WHAT THIS TASK INVOLVES:
Skip all pictures, then copy the lines from the start of the data through the line with "Pro Standard Men's", keeping both ends.

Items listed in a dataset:
---
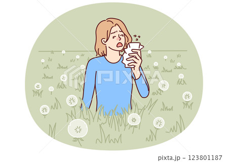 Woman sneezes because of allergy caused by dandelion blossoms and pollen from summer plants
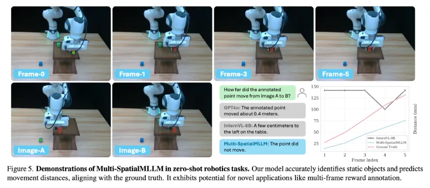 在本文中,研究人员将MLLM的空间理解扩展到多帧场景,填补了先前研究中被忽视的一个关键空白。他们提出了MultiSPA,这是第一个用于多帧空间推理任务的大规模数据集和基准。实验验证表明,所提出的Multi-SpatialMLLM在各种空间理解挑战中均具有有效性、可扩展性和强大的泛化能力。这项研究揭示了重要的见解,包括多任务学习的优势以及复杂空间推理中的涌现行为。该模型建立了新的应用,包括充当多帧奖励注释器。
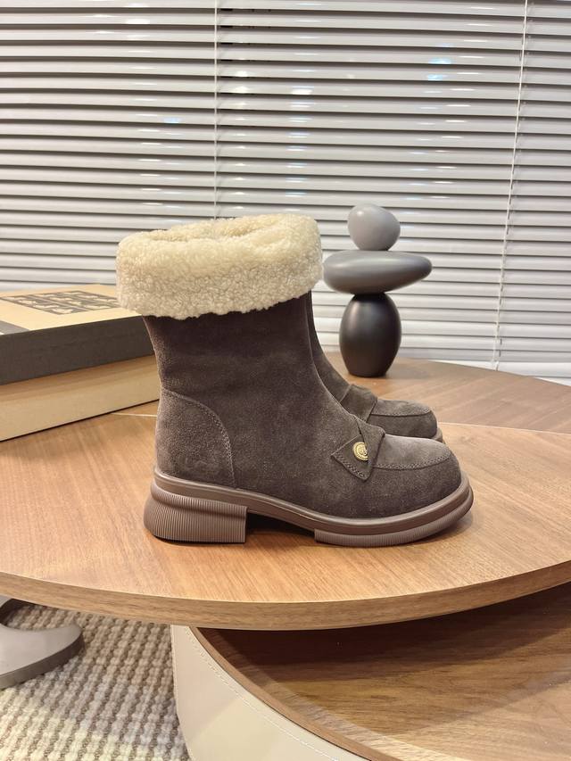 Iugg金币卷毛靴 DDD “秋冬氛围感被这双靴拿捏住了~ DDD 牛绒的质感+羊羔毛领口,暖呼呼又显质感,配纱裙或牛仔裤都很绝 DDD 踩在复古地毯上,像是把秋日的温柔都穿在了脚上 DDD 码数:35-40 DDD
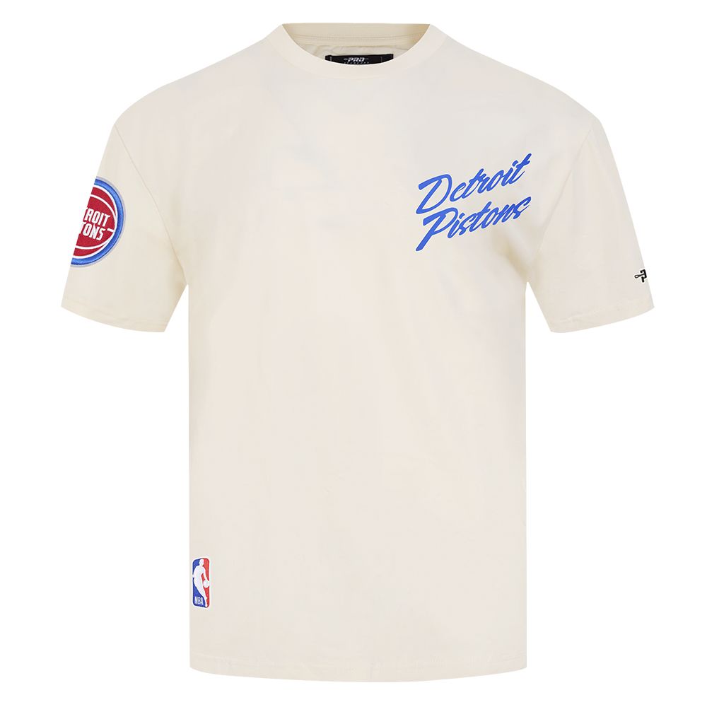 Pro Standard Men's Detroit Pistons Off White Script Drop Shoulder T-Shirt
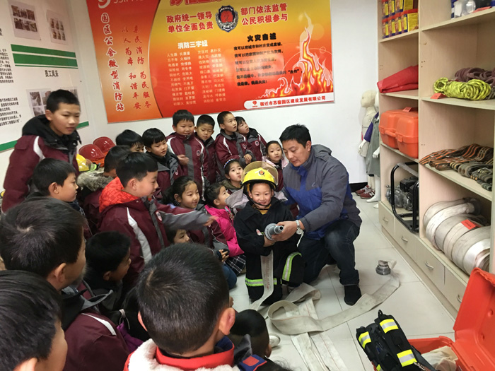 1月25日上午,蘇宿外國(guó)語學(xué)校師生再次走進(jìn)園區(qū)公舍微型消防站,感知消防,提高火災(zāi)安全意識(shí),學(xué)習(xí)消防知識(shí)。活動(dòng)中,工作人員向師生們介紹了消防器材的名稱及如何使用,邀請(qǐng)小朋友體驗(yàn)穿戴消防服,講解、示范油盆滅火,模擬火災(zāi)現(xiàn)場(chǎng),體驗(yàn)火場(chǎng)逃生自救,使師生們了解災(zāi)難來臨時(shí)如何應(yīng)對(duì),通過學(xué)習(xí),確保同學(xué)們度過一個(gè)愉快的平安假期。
---
YOUR SOLUTION:
 Woman sneezes because of allergy caused by dandelion blossoms and pollen from summer plants
 在本文中,研究人员将MLLM的空间理解扩展到多帧场景,填补了先前研究中被忽视的一个关键空白。他们提出了MultiSPA,这是第一个用于多帧空间推理任务的大规模数据集和基准。实验验证表明,所提出的Multi-SpatialMLLM在各种空间理解挑战中均具有有效性、可扩展性和强大的泛化能力。这项研究揭示了重要的见解,包括多任务学习的优势以及复杂空间推理中的涌现行为。该模型建立了新的应用,包括充当多帧奖励注释器。
 Iugg金币卷毛靴 DDD “秋冬氛围感被这双靴拿捏住了~ DDD 牛绒的质感+羊羔毛领口,暖呼呼又显质感,配纱裙或牛仔裤都很绝 DDD 踩在复古地毯上,像是把秋日的温柔都穿在了脚上 DDD 码数:35-40 DDD
 Pro Standard Men's Detroit Pistons Off White Script Drop Shoulder T-Shirt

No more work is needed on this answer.